Louise Kyme: Americana woman
- Lynda Relph-Knight
- Jul 20, 2020
- 3 min read
Updated: Jun 15, 2021
Louise Kyme has been busy in lockdown.
With her three solo singles out since June, under the nom de musique Lou Kyme, she’s just released her first album, What's the Worst Thing that Can Happen. ‘Covid 19 has given me time to just do it,’ she says. ‘Lockdown has made me not worry so much about the outside world.’
Americana is her musical genre – alternative country to the uninitiated like me. ‘Extreme emotion’ underpins her lyrics and the melodies she creates to convey them.
Those in design know Louise better through her award-winning creative work for charities like the British Heart Foundation, but music is in her blood. Growing up on a council estate in Southampton, in her teens she played accordion in her family’s band. Her father earned his living playing country blues in pub gigs and set up a small recording studio with an eight-track reel-to-reel tape recorder. ‘He was super creative, very unusual and really ambitious to push it,’ she says.
As teenagers Louise and her three siblings joined his band, Okeh Wranglers. Her sisters played violin and steel guitar and her brother the drums. Their mother played bass.
For six years from her late teens Louise gigged across Europe with Okeh Wranglers, even playing the revered Continental Club in Austin, Texas, and in Nashville, Tennessee.
‘We went down a storm,’ she says. ‘We had our own sound.’
Back home they singned with London indie rockabilly label Fury Records – ‘the closest we came to taking it to the next level’.
But in her mid twenties, Louise opted out of the band to go to college and get a ‘proper’ job. ‘I was always interested in painting and line drawing,’ she says, so she studied illustration at Southampton.
Back to school
After college she got a job as an administrator with a charity, then, by chance, became an artworker at BHF. Her career developed and she ended up managing design for the charity. Collaborations with the likes of Hat-trick and The Partners helped kick-start a few creatively-driven consultancies, winning a cache of top design trophies in the process.
'No one teaches you how to be a client,’ Louise says. ‘Some awesome agencies helped me along the way. I just applied the mentality we had in the band, to be world-class and not settle for less.’
But, after years of hard work for little pay, in 2016 Louise ‘hit major burnout’. ‘I could no longer find anything in London that made me excited,’ she says. She left her job and headed back to Texas and Austin’s South by Southwest cultural festival.

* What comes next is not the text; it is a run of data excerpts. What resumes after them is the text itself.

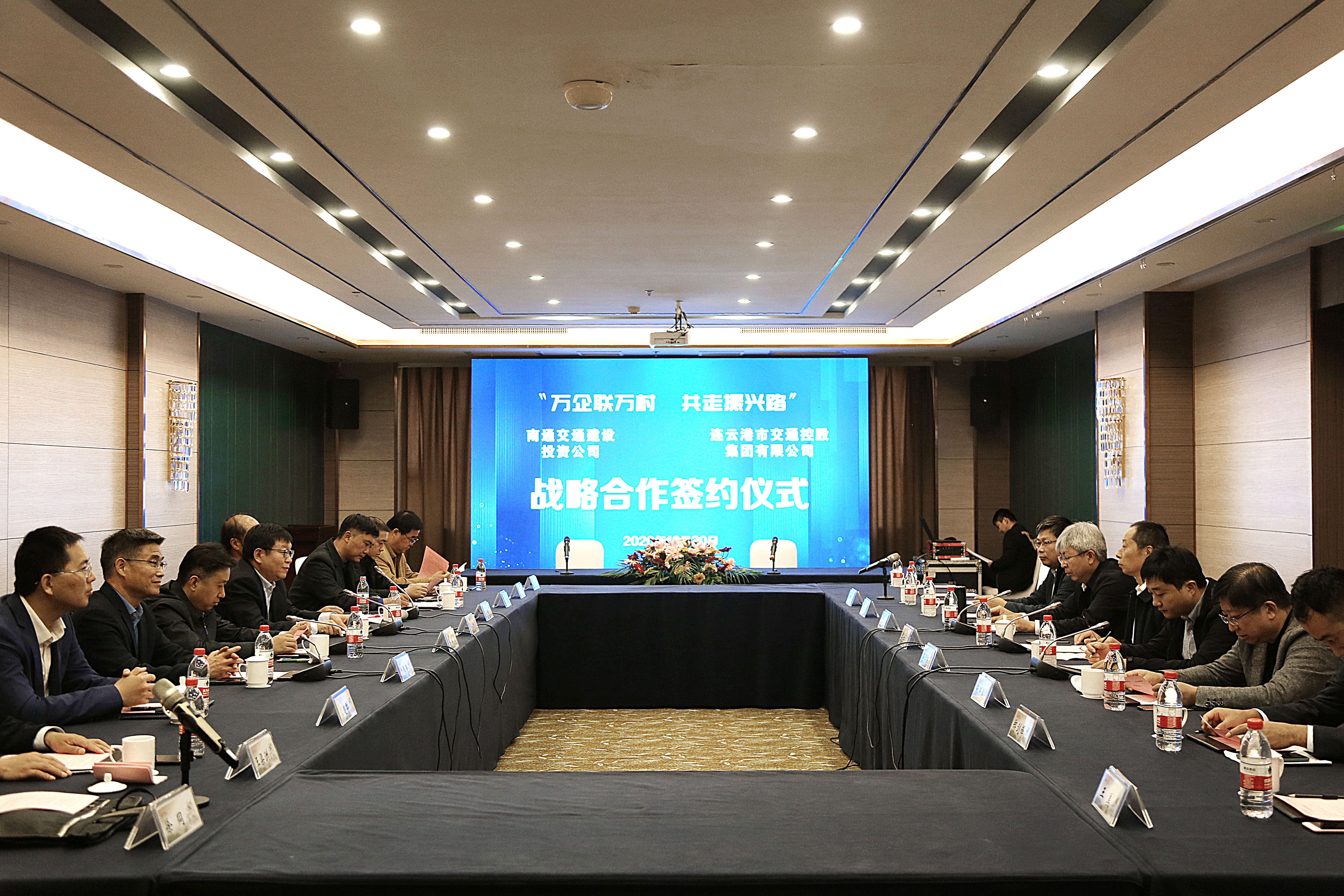 10月30日上午,连云港市交通控股集团和南通交通建设投资公司签订“万企联万村 共走振兴路”合作协议、战略合作协议,连云港市国资委党委委员、副主任许峰;南通市国资委党委委员、主任助理季士军;连云港市交通控股集团董事长、党委书记刘永能,总经理仲伟涛,副总经理孙超;南通交通建设投资公司总经理徐中,党总支副书记张燕滨等参加了签约仪式。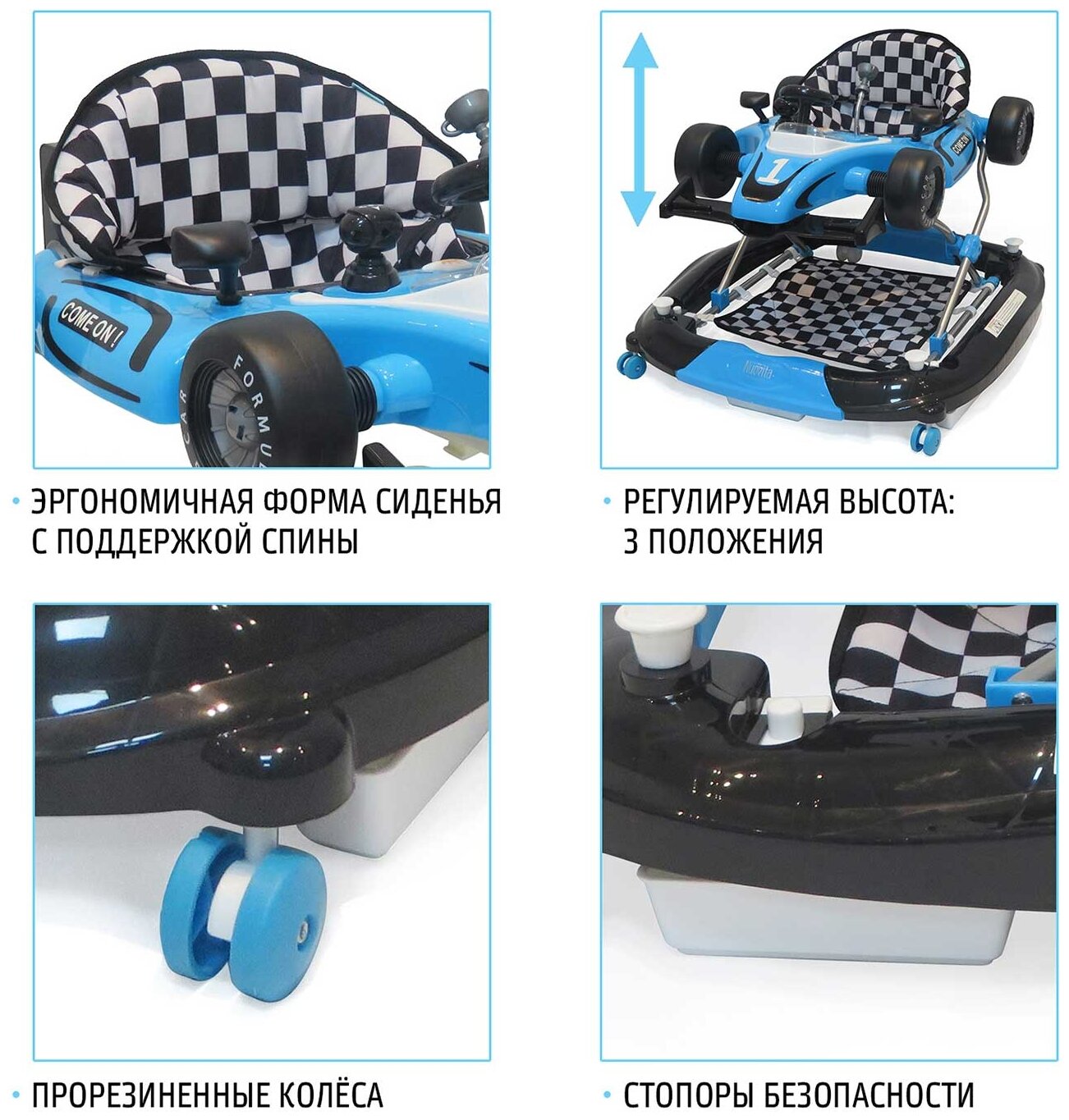 | Отзыв: | Покупкой таких необычных ходунков решили заинтересовать ребенка, у нас это получилось, мало того, что ребенок сам просится в ходунки, потому что они напоминают управление машиной, так еще и с интересом играет за панелью. В повороты входит без проблем, колеса не скрипучие. |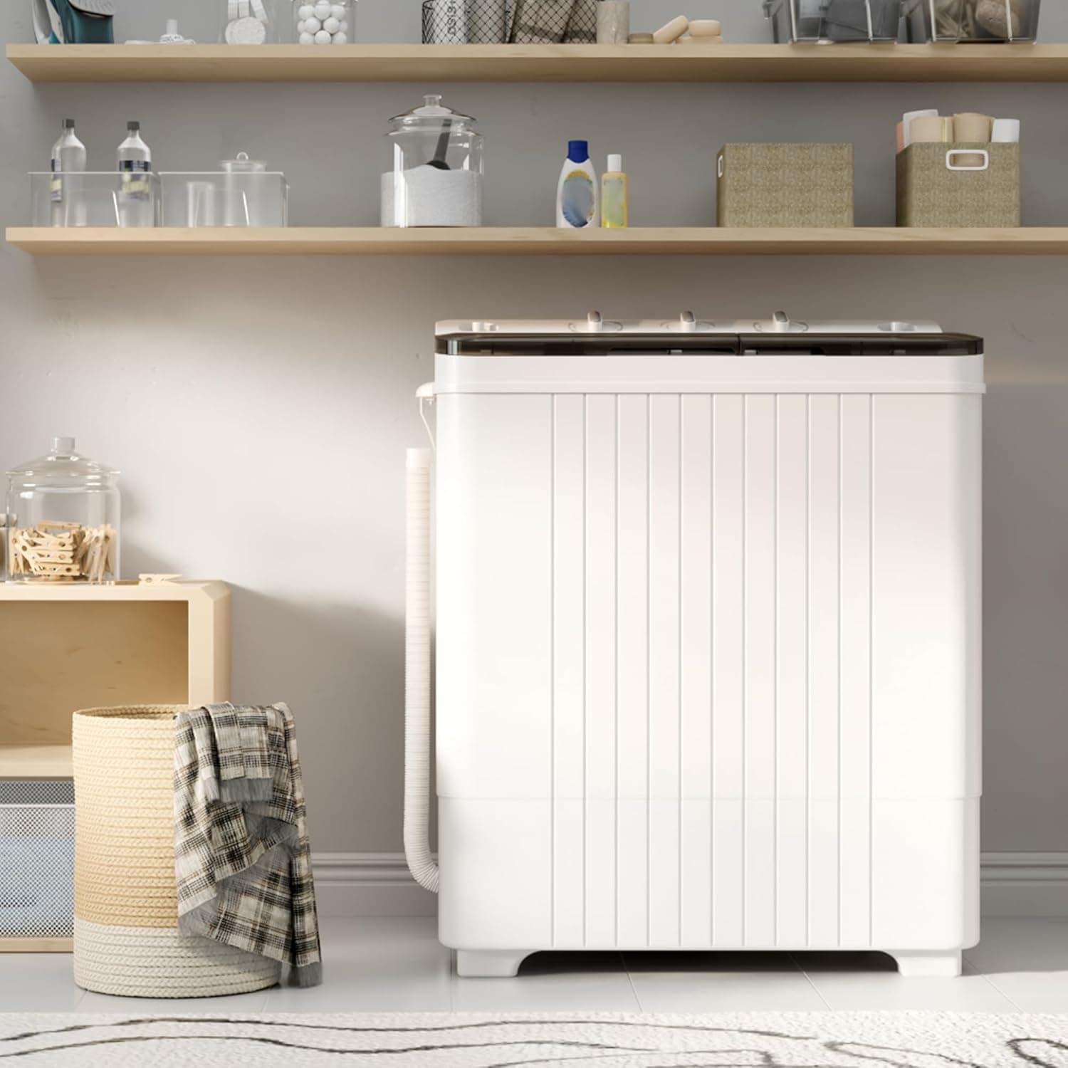28lbs Twin Tub Portable Washing Machine, Mini Washer Compact Laundry Machine with Drain Pump
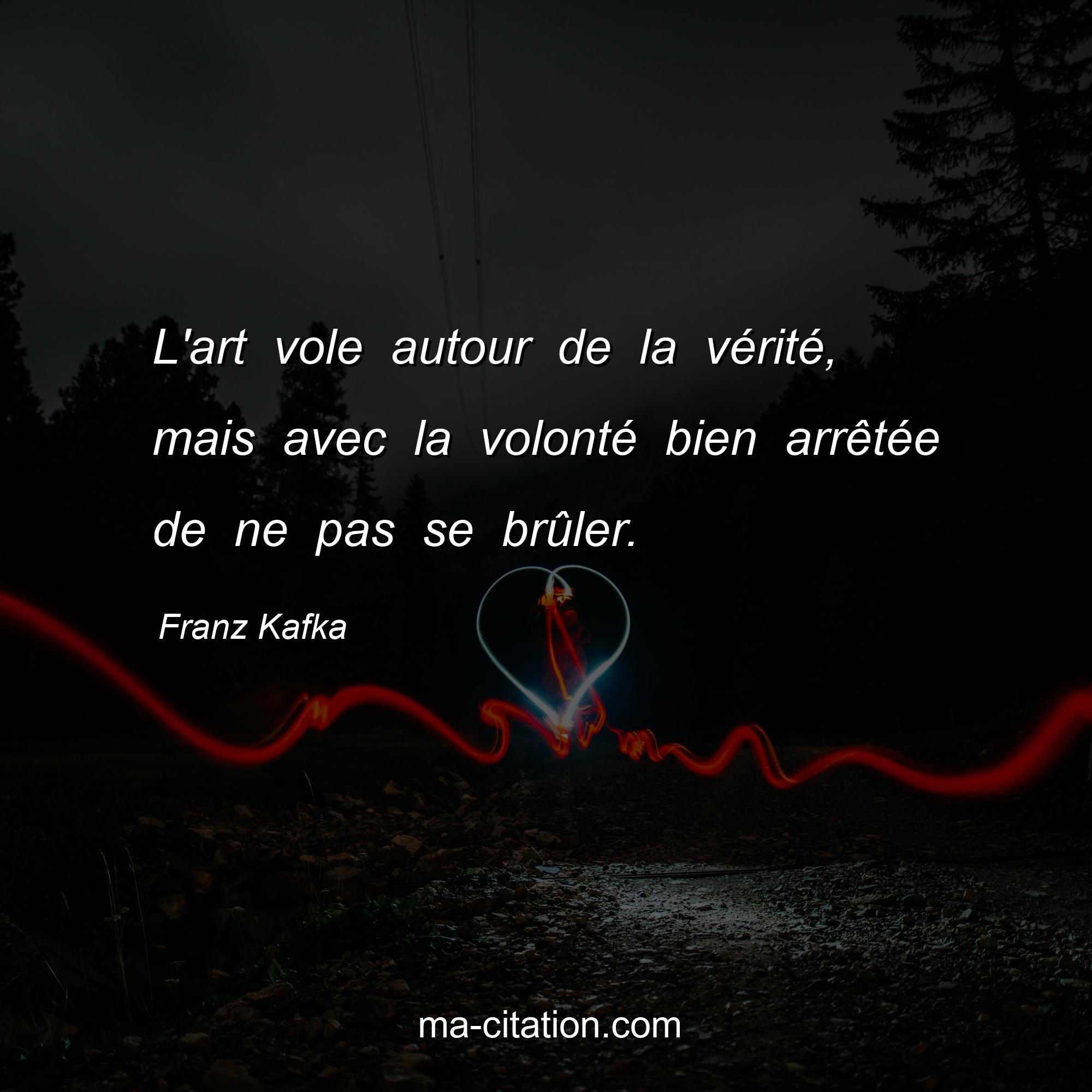 Citation sur la vie de Franz Kafka :L'art vole autour de la vérité, mais avec la volonté bien arrêtée de ne pas se brûler.
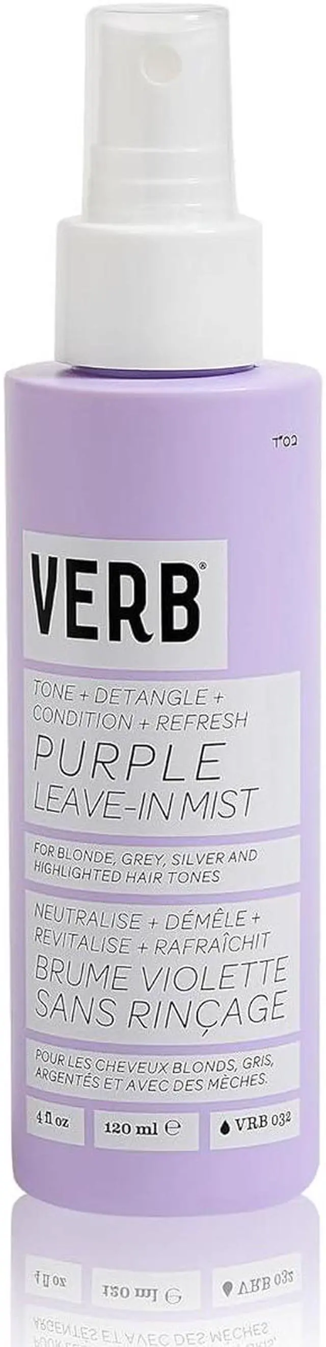 Verb® Purple Leave-in Mist is a three-in-one mist for toning, detangling and hydration. Formulated with pro-grade violet pigment, açai extract and apple cider vinegar, this mist was designed to neutralize brassy yellow hues, refresh hair and condition ends between washes.
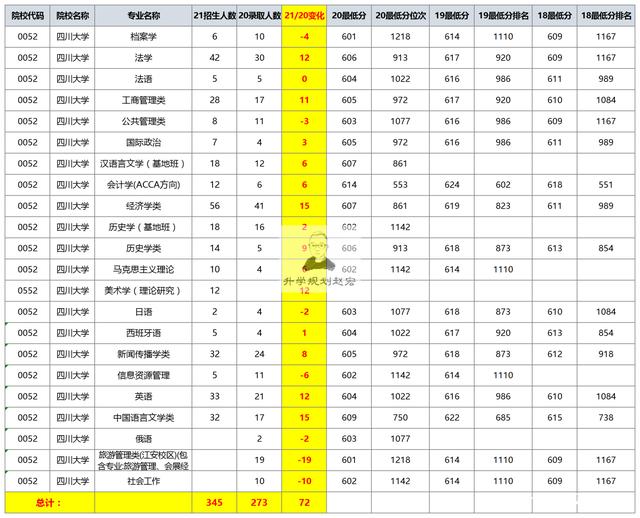 最后,再来看看文科的招生变化,总共招生345人,比2020年增加了72人,各个专业之间的变化也不是太大,同时提前批的基地班也是调整到本科批哈;具体大家可以多看看;

Recalling Okeh Wranglers’ Texas gig, she says, ‘It was a big experience for me. Austin is such a colourful city. There was a feeling there that struck a chord. I wanted to reconnect and feel my heart beat again.’
‘It was tough at first, being on my own, but I made a few connections by going to gigs.’
One of those connections, with Chuck Prophet and the Mission Express, marked another turning point. ‘I had a massive grin the whole time I was there. I thought, “This is it”.’ Now friends, Prophet and band members Vicente Rodriguez, James DePrato and Adam Rossi feature on her recordings.
Buoyed by ‘extreme inspiration’, on her return from Texas Louise started writing her own material. ‘I’d always known I could be a writer,’ she says. ‘I just couldn’t stop writing.’
‘When you’re surrounded by music, it forms into your own sounds. You don’t know if it’s average, bad or what. Vincente told me the role of a musician is just to put it out there.’
Shifting forward
Louise is back in London and back in design, working as strategy director with Stuart Youngs at Studio Texture. Their clients, mainly in the not-for-profit sector, include Diabetes UK, Parkinson’s UK and the Royal Society of Arts.
‘In the last few years at BHF, I loved what strategists did,’ she says. ‘So when I got back from the US that’s what I tried to do.’ Stints as an independent with groups like Circus, The Team and Studio Texture confirmed her strategic abilities.
Louise’s life is balanced now between design and music. Both centre on creativity, but she draws a distinction. ‘Design is a commercial art. Music is being yourself,’ she says. ‘I’m doing music because I have no choice. I just want to be doing good music and perfecting my self-expression.’